Allah-Las are a damn fine band with exquisite tastes in influences and a total lack of regard for whether or not they’ll be considered revivalists. They (and Waterhouse) are audiophile scavengers of the best kind: the kind that infuses the DNA so deep into their blood that their hearts run stronger because of the transfusion. Allah-Las aren’t merely paying homage to their heroes; they’re creating immaculately constructed songs from all their deepest loves and generously offering them up to a less-knowing generation. For any doubts of that assessment or curiosity in exactly who these loves may be, refer to the band’s hugely addictive mixtapes of beloved influences that they have been churning out on a steady basis under the title of Reverberation.

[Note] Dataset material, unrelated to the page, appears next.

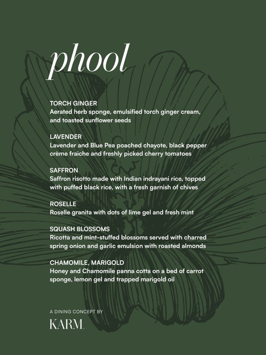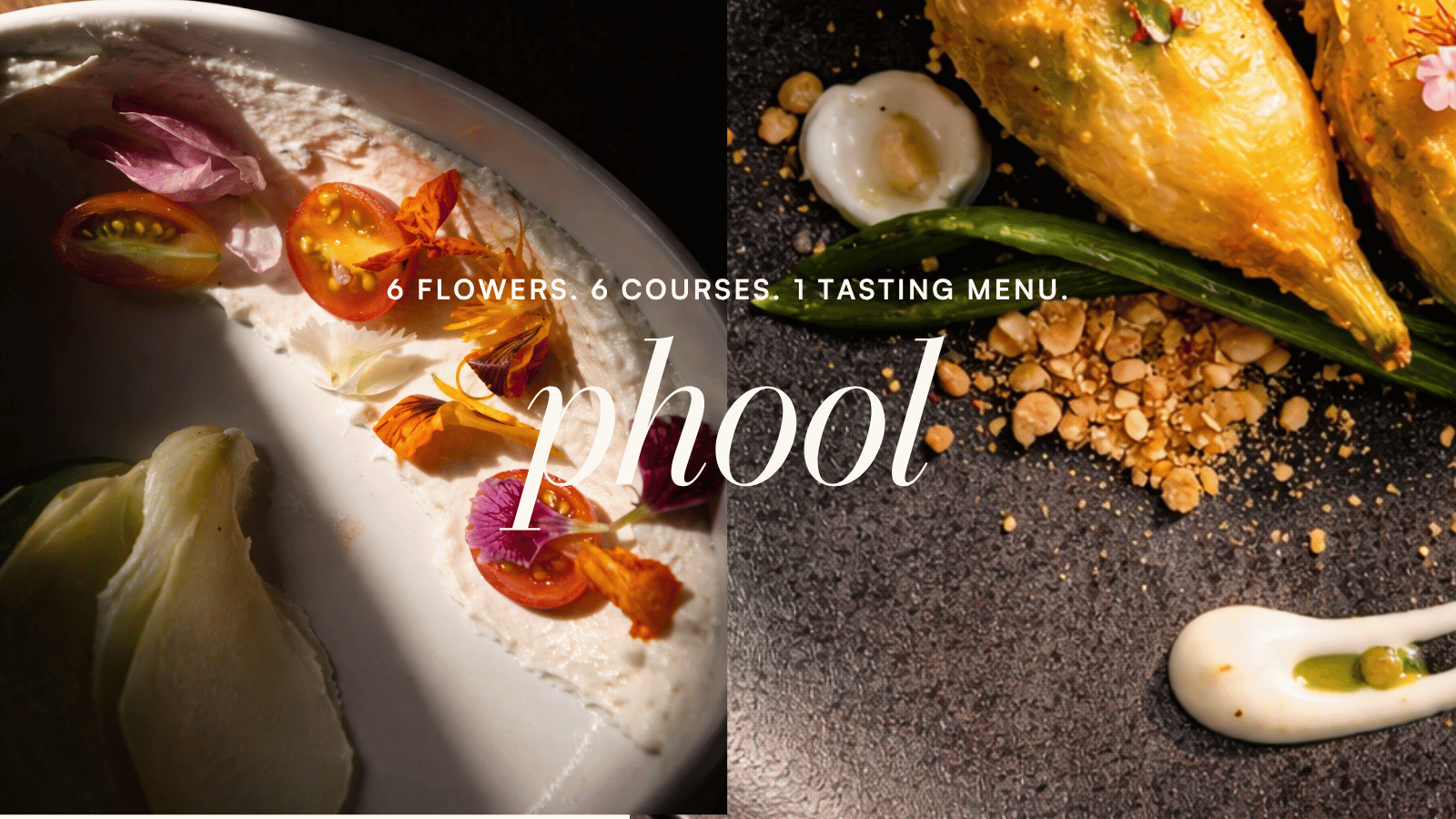 Phool is an all-vegetarian 6-course set menu experience where we play with floral flavors
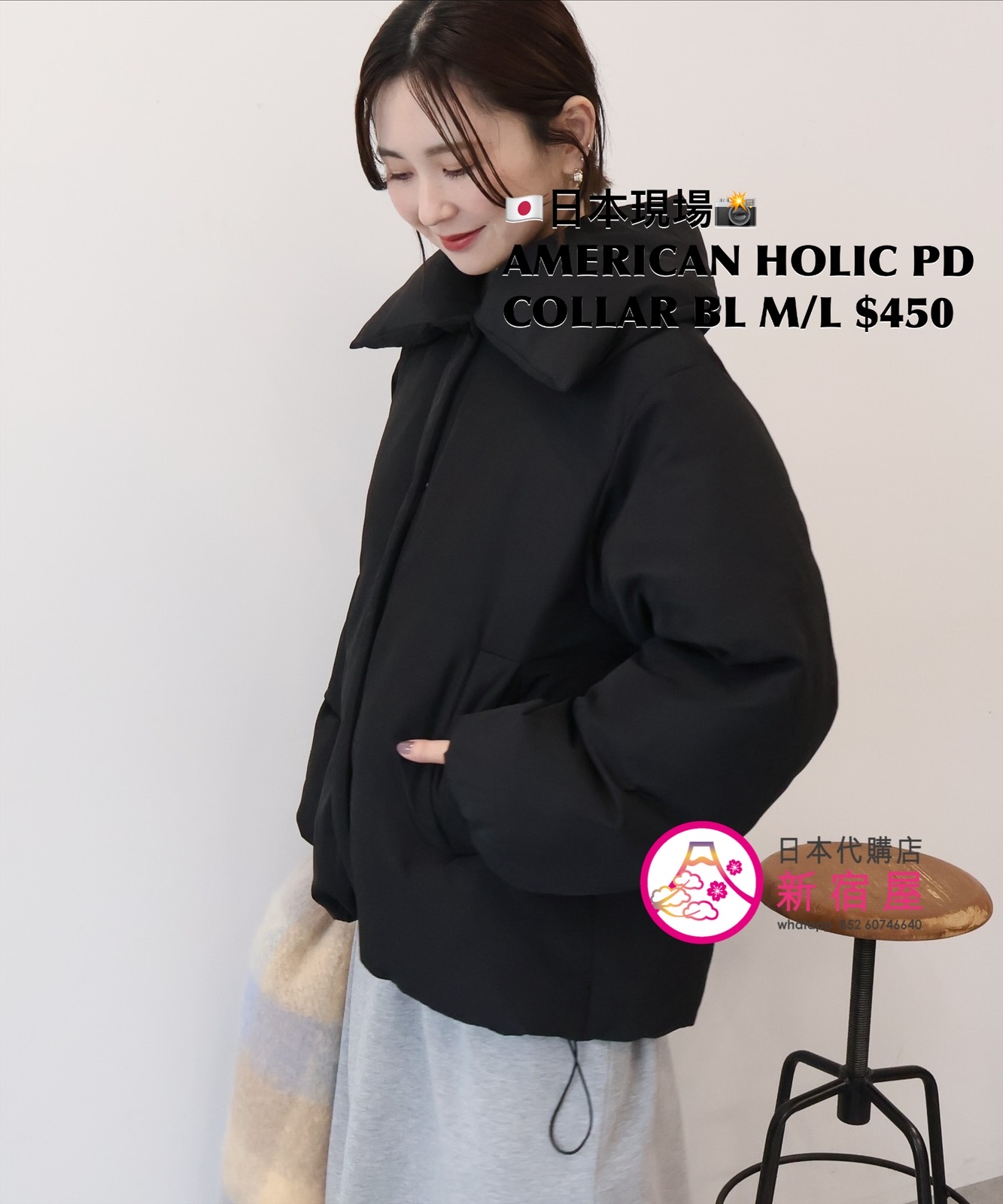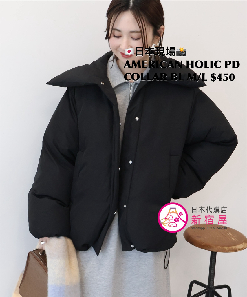 AMERICAN HOLIC PADDED COLLAR BLOUSON SIZE M/L,BLACK/ LIGHT BEIGE,$450 👚參考尺寸 SIZE M: 身幅 120 總丈 68cm SIZE L: 身幅 126 總丈 70cm

Surely, there will be many critics who deride Allah-Las for their shameless resistance of any trends that have transpired in over the past 20 (if not 40) years. The sounds of Allah-Las are both distinctly un-2012 and timeless in their abilities to strike your ears as immaculately conceived and fresh today as they would have over the airwaves in 1967. Damn the times, the trends and naysayers. Snatch up Allah-Las before the trends of 2012 relegate them to the status of vinyl crate goldmines like their lost 45 heroes, where their analog recordings of impeccable garage melodies and grooves are prophesied to be sampled for years to come by all of the Pro Tools fiends and laptop DJs.

Allah-Las will be available Sept. 18 via Innovative Leisure.